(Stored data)
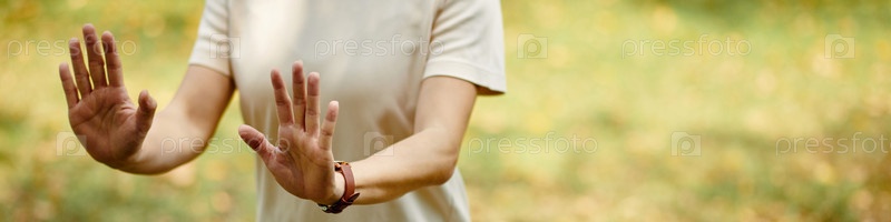 Делая тай-чи перемещение женщина
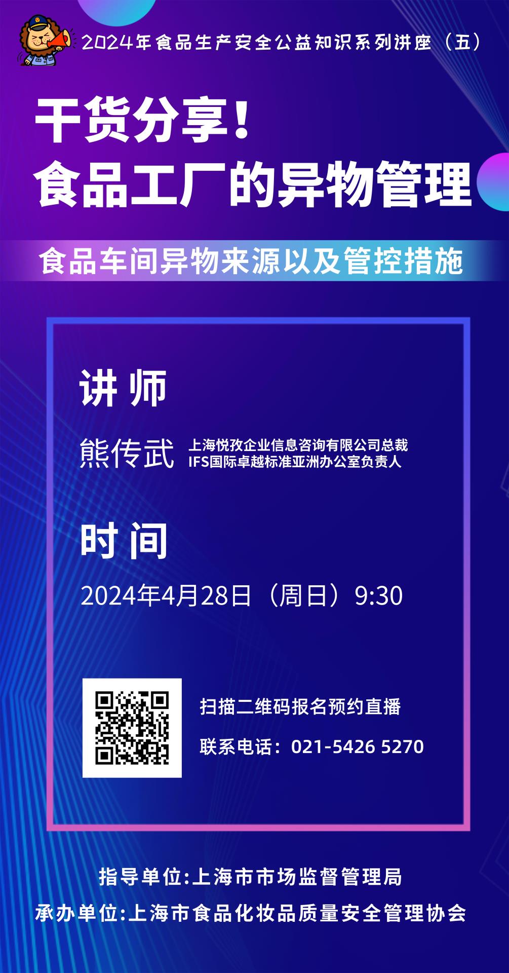 【公益讲座】2024年食品生产安全公益知识讲座(五)食品工厂的异物管理 ——2024年4月28日 9:30
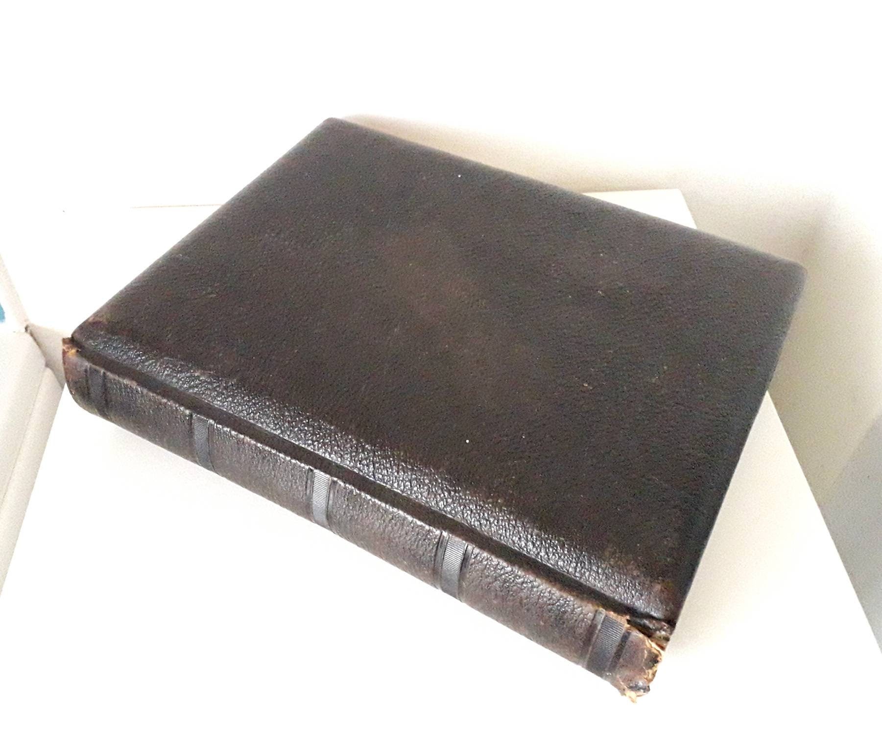 Dark brown leather binding with gilt edging to the pages, 11 x 9 inches. The album has numerous colour mounts illustrated with flowers and landscapes, it also has plain mounts. No photos. This is in good condition for its age but all of the plain mounts have been fixed with tape as pictured.
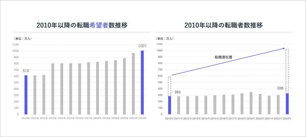転職潜在層へのアプローチは金融業界に関わらず近年注目されています。人材紹介や求人媒体を活用し、積極的に転職活動を行う”転職顕在層”の方々は10年間人数が横ばいである一方、転職を希望するものの、実際には動き出せていない”転職潜在層”の方々は、2010年は618万人であったところから、2023年には1,007万人にまで増加しています。この増え続ける転職潜在層の方々を採用に結び付けられるかが採用成功の鍵とされており、企業は転職顕在層を対象とした既存の採用手法から、転職潜在層にアプローチできる新たな採用手法への変革が必要となっています。
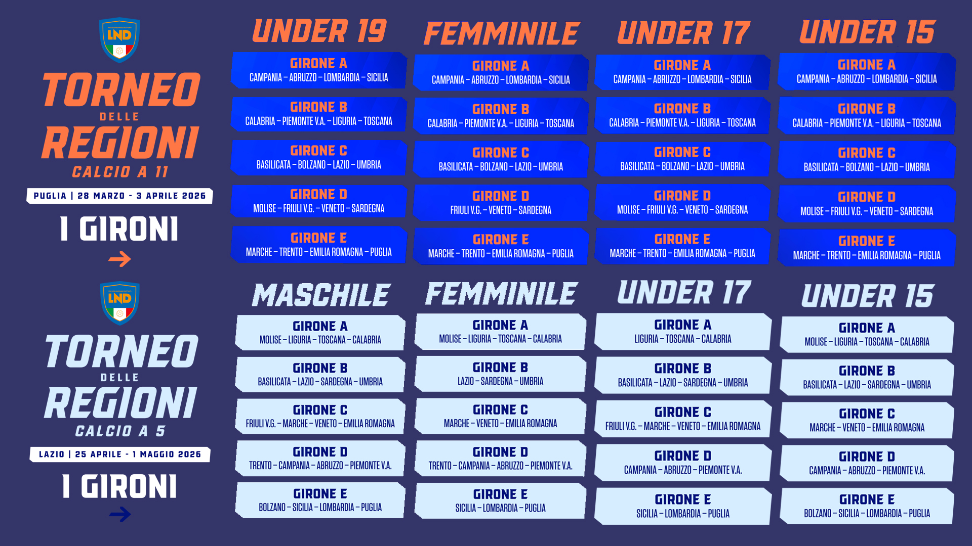 La manifestazione di calcio è riservata alle 79 Rappresentative Under 19, Under 17, Under 15 e Femminili dei diciotto Comitati Regionali e dei CPA di Bolzano e Trento riunite in un unico grande evento che andrà in scena in Puglia dal 28 Marzo al 3 Aprile. L’ultimo Torneo delle Regioni organizzato dal Comitato Regionale presieduto da Vito Tisci risale al 2017 nella competizione dedicata interamente al C5 mentre il calcio a undici torna in Puglia dopo ben 38 anni. Il numero uno del Cr Puglia Vito Tisci ha sottolineato il valore del torneo che va oltre il calcio giocato: ”Giocheremo nelle province di Bari, Brindisi e Lecce. Siamo pronti ad accogliere tutta l’Italia della LND per far scoprire ai giovani calciatori ed alle calciatrici le bellezze della nostra Regione. Siamo certi che sul campo sarà uno spettacolo ma ci teniamo a valorizzare soprattutto l’aspetto sociale della competizione perché il Torneo delle Regioni rappresenta un momento importante di condivisione dei valori dello sport e della vita”.

Work item: Please reproduce the entries from above exactly; images are not part of the copy.

Answer box:
 Делая тай-чи перемещение женщина
 【公益讲座】2024年食品生产安全公益知识讲座(五)食品工厂的异物管理 ——2024年4月28日 9:30
 Dark brown leather binding with gilt edging to the pages, 11 x 9 inches. The album has numerous colour mounts illustrated with flowers and landscapes, it also has plain mounts. No photos. This is in good condition for its age but all of the plain mounts have been fixed with tape as pictured.
転職潜在層へのアプローチは金融業界に関わらず近年注目されています。人材紹介や求人媒体を活用し、積極的に転職活動を行う”転職顕在層”の方々は10年間人数が横ばいである一方、転職を希望するものの、実際には動き出せていない”転職潜在層”の方々は、2010年は618万人であったところから、2023年には1,007万人にまで増加しています。この増え続ける転職潜在層の方々を採用に結び付けられるかが採用成功の鍵とされており、企業は転職顕在層を対象とした既存の採用手法から、転職潜在層にアプローチできる新たな採用手法への変革が必要となっています。
 La manifestazione di calcio è riservata alle 79 Rappresentative Under 19, Under 17, Under 15 e Femminili dei diciotto Comitati Regionali e dei CPA di Bolzano e Trento riunite in un unico grande evento che andrà in scena in Puglia dal 28 Marzo al 3 Aprile. L’ultimo Torneo delle Regioni organizzato dal Comitato Regionale presieduto da Vito Tisci risale al 2017 nella competizione dedicata interamente al C5 mentre il calcio a undici torna in Puglia dopo ben 38 anni. Il numero uno del Cr Puglia Vito Tisci ha sottolineato il valore del torneo che va oltre il calcio giocato: ”Giocheremo nelle province di Bari, Brindisi e Lecce. Siamo pronti ad accogliere tutta l’Italia della LND per far scoprire ai giovani calciatori ed alle calciatrici le bellezze della nostra Regione. Siamo certi che sul campo sarà uno spettacolo ma ci teniamo a valorizzare soprattutto l’aspetto sociale della competizione perché il Torneo delle Regioni rappresenta un momento importante di condivisione dei valori dello sport e della vita”.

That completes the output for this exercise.